Supplied records>
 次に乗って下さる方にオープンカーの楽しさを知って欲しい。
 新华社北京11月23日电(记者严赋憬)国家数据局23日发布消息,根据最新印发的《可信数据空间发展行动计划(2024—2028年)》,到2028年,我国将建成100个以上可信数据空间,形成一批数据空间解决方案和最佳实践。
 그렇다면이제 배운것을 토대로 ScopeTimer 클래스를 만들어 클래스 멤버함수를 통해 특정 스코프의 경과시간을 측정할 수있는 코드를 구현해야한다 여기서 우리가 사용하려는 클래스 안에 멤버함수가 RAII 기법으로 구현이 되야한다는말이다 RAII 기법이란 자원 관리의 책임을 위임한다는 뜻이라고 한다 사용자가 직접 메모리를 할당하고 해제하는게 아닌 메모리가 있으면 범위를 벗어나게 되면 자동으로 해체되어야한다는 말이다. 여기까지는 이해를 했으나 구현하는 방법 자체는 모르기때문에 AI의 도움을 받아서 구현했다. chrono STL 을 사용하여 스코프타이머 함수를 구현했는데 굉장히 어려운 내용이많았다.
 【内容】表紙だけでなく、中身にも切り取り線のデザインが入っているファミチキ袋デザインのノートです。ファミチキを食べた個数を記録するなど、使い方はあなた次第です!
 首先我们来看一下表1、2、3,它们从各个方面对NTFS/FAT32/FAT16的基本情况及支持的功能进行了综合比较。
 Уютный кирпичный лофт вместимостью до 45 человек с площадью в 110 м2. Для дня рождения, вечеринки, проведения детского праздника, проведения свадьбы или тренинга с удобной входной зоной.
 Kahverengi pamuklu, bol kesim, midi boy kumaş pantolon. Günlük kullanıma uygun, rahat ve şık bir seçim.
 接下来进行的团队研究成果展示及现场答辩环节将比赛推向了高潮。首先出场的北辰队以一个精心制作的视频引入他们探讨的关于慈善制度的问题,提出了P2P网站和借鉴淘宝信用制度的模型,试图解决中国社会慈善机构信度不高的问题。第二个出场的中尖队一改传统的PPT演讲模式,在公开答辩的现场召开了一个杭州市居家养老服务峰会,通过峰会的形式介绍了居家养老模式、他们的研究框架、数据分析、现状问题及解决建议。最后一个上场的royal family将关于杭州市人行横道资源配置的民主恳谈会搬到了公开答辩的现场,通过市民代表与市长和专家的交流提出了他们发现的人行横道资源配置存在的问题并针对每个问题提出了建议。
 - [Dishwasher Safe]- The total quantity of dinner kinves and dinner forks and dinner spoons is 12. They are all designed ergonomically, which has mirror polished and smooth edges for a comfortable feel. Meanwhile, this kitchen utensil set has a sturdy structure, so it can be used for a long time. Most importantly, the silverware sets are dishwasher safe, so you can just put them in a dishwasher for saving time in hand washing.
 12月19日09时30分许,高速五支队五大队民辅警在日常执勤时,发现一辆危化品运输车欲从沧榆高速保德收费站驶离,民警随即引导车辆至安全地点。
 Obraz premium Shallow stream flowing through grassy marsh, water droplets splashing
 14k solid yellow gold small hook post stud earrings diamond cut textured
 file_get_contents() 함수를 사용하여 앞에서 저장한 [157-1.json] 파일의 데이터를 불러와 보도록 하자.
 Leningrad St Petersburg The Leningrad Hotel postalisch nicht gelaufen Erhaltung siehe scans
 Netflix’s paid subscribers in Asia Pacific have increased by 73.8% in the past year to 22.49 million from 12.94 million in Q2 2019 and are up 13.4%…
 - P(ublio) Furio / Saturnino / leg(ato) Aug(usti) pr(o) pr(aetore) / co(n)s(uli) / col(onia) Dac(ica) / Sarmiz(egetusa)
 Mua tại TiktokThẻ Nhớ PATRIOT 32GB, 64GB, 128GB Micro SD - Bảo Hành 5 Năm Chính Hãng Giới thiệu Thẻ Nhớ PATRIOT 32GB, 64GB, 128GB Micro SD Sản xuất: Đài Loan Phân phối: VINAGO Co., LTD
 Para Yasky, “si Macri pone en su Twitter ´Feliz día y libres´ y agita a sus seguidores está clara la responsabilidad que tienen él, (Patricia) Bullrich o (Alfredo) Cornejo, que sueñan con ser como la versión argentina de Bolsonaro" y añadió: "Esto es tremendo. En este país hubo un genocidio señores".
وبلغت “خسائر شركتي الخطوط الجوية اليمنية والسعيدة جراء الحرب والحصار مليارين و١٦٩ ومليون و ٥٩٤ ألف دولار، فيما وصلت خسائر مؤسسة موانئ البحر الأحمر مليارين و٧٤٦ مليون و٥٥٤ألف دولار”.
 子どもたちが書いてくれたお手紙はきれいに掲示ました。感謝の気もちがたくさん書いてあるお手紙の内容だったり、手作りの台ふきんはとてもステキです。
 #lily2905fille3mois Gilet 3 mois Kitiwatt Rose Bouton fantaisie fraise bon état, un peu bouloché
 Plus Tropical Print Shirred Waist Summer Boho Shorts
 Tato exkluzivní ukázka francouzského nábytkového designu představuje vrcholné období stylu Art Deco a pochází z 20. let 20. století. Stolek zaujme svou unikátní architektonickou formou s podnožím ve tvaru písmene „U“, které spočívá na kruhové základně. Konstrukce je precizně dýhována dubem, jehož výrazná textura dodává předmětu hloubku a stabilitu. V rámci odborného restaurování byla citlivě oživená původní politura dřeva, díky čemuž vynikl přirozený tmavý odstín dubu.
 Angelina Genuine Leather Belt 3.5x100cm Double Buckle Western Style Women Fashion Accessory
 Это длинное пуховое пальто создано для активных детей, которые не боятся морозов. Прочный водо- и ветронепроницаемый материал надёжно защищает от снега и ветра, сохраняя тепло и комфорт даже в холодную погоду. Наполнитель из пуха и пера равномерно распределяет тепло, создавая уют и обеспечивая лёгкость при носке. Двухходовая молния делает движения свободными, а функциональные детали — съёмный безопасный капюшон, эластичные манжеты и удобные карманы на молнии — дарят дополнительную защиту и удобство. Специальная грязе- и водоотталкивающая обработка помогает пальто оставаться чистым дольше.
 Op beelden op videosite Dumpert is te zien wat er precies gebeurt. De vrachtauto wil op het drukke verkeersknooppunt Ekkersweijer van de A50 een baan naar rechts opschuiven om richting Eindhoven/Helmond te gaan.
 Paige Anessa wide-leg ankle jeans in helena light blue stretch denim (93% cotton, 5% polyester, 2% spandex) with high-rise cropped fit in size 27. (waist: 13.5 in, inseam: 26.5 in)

Directions> The required output is the entries from their opening line through the line holding "14k solid yellow", repeated exactly, with both end lines kept.

Exercise output>
 次に乗って下さる方にオープンカーの楽しさを知って欲しい。
 新华社北京11月23日电(记者严赋憬)国家数据局23日发布消息,根据最新印发的《可信数据空间发展行动计划(2024—2028年)》,到2028年,我国将建成100个以上可信数据空间,形成一批数据空间解决方案和最佳实践。
 그렇다면이제 배운것을 토대로 ScopeTimer 클래스를 만들어 클래스 멤버함수를 통해 특정 스코프의 경과시간을 측정할 수있는 코드를 구현해야한다 여기서 우리가 사용하려는 클래스 안에 멤버함수가 RAII 기법으로 구현이 되야한다는말이다 RAII 기법이란 자원 관리의 책임을 위임한다는 뜻이라고 한다 사용자가 직접 메모리를 할당하고 해제하는게 아닌 메모리가 있으면 범위를 벗어나게 되면 자동으로 해체되어야한다는 말이다. 여기까지는 이해를 했으나 구현하는 방법 자체는 모르기때문에 AI의 도움을 받아서 구현했다. chrono STL 을 사용하여 스코프타이머 함수를 구현했는데 굉장히 어려운 내용이많았다.
 【内容】表紙だけでなく、中身にも切り取り線のデザインが入っているファミチキ袋デザインのノートです。ファミチキを食べた個数を記録するなど、使い方はあなた次第です!
 首先我们来看一下表1、2、3,它们从各个方面对NTFS/FAT32/FAT16的基本情况及支持的功能进行了综合比较。
 Уютный кирпичный лофт вместимостью до 45 человек с площадью в 110 м2. Для дня рождения, вечеринки, проведения детского праздника, проведения свадьбы или тренинга с удобной входной зоной.
 Kahverengi pamuklu, bol kesim, midi boy kumaş pantolon. Günlük kullanıma uygun, rahat ve şık bir seçim.
 接下来进行的团队研究成果展示及现场答辩环节将比赛推向了高潮。首先出场的北辰队以一个精心制作的视频引入他们探讨的关于慈善制度的问题,提出了P2P网站和借鉴淘宝信用制度的模型,试图解决中国社会慈善机构信度不高的问题。第二个出场的中尖队一改传统的PPT演讲模式,在公开答辩的现场召开了一个杭州市居家养老服务峰会,通过峰会的形式介绍了居家养老模式、他们的研究框架、数据分析、现状问题及解决建议。最后一个上场的royal family将关于杭州市人行横道资源配置的民主恳谈会搬到了公开答辩的现场,通过市民代表与市长和专家的交流提出了他们发现的人行横道资源配置存在的问题并针对每个问题提出了建议。
 - [Dishwasher Safe]- The total quantity of dinner kinves and dinner forks and dinner spoons is 12. They are all designed ergonomically, which has mirror polished and smooth edges for a comfortable feel. Meanwhile, this kitchen utensil set has a sturdy structure, so it can be used for a long time. Most importantly, the silverware sets are dishwasher safe, so you can just put them in a dishwasher for saving time in hand washing.
 12月19日09时30分许,高速五支队五大队民辅警在日常执勤时,发现一辆危化品运输车欲从沧榆高速保德收费站驶离,民警随即引导车辆至安全地点。
 Obraz premium Shallow stream flowing through grassy marsh, water droplets splashing
 14k solid yellow gold small hook post stud earrings diamond cut textured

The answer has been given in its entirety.